**Task item**
Exact copy, no pictures: repeat the data that follows.

**Data extract**
┌──

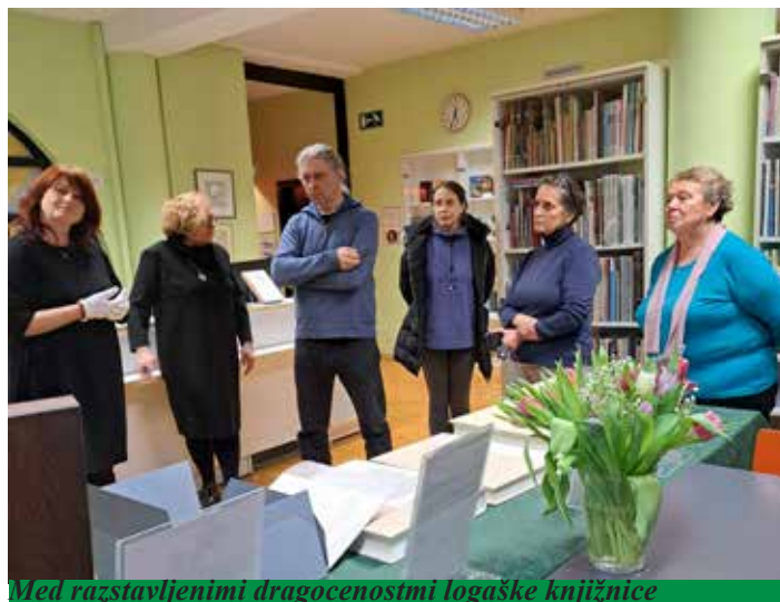
Med razstavljenimi dragocenostmi logaške knjižnice
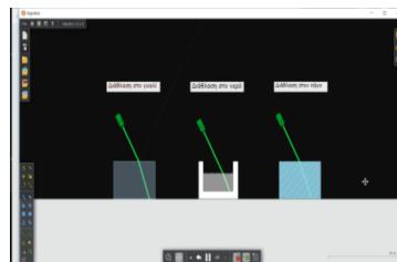
Εικόνα 2. Η προσομοίωση «Διάθλαση του Φωτός» στο Algodoo
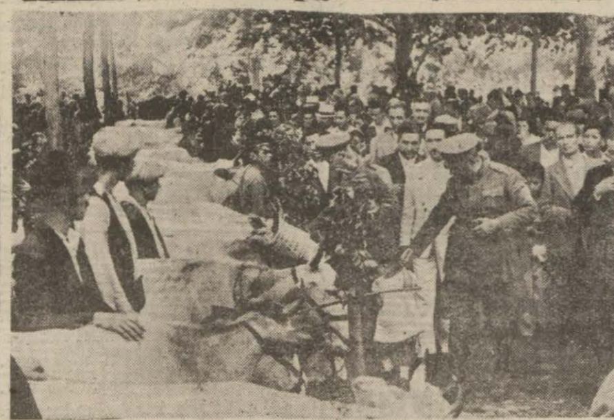
Dünyâ sergiden bir görünüş (Yazısı 5 inci sayfada)

└──

**Your response**
Med razstavljenimi dragocenostmi logaške knjižnice
Εικόνα 2. Η προσομοίωση «Διάθλαση του Φωτός» στο Algodoo
Dünyâ sergiden bir görünüş (Yazısı 5 inci sayfada)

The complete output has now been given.